Discover the foods of Portugal with Portuguese Cooking: The Traditional Cuisine of Portugal by Carol Robertson, with recipes like Piri-piri, Caldeirada (Portuguese Fish Soup), and Almond Cake with Ovos Moles.

Cookbook

 

Piri-piri

Piri  

Piri-piri is the hot seasoning oil of Portugal, with as many variations as there are housewives. It is added to all manner of meat and fish dishes, soups, sauces, marinades, and stews, but it is fiery and to be used with caution.
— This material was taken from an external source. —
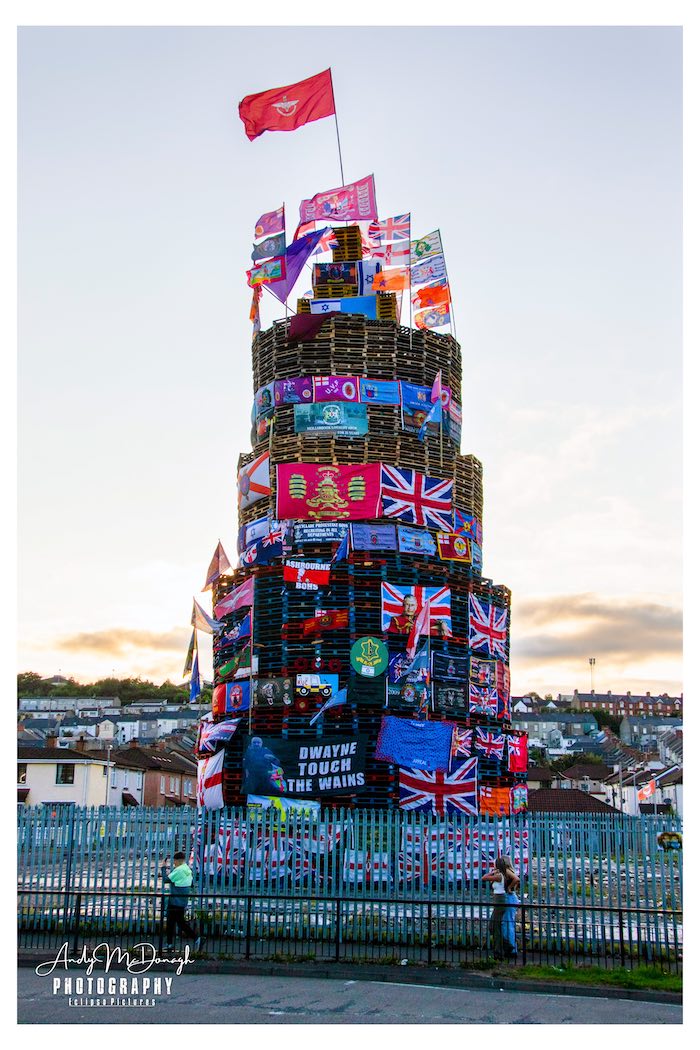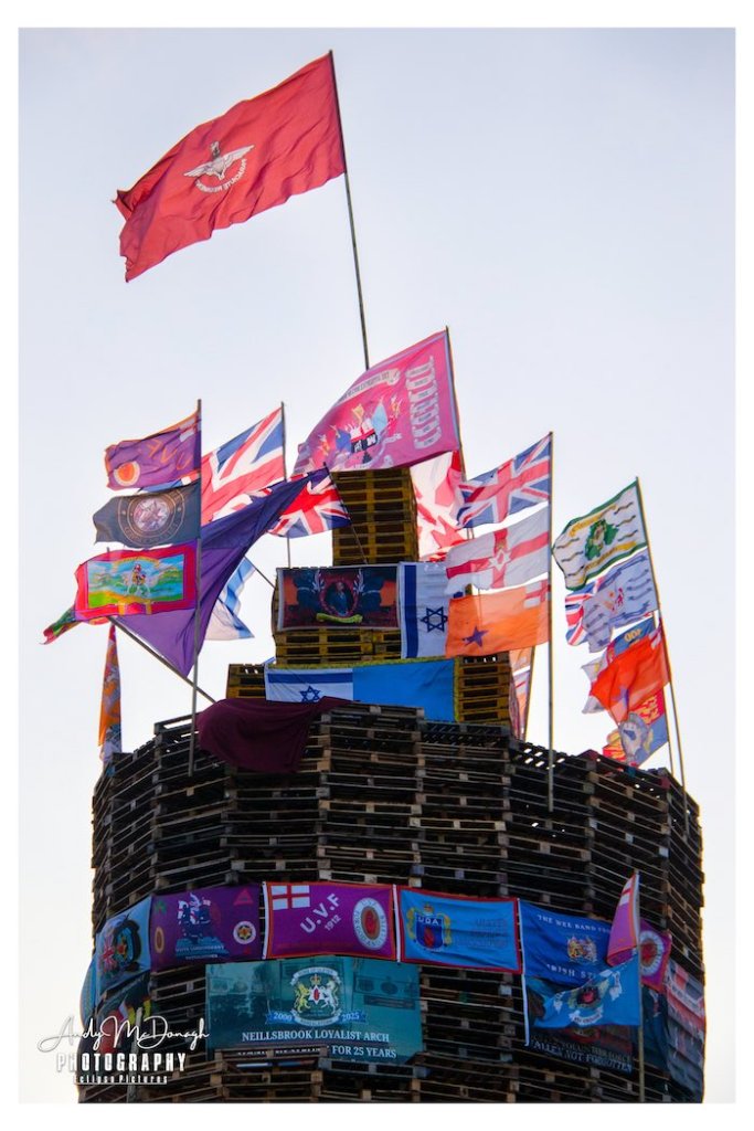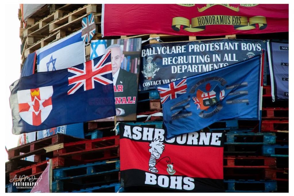 This year’s internment bonfire in Derry’s Bogside was swathed in flags prior to being set alight. The flags of the UK, Northern Ireland, and Israel can be seen in numbers, as well as flags of the SAS, Paras, IDF, UVF, LVF, UDA, ABOD, various flute bands, King Billy, King Charles, “deport, not support”, and … Bohemians FC, in connection with rioting at a match in July (BBC | BBC).

Prepared in advance, piri-piri will keep under refrigeration for months.

  • 1/4 cup fresh hot chili peppers
  • 2 garlic cloves, minced
  • 1/2 teaspoon salt
  • 1 cup olive oil

Coarsely chop the peppers, discarding the tops. Thoroughly wash hands, knife and cutting board afterwards.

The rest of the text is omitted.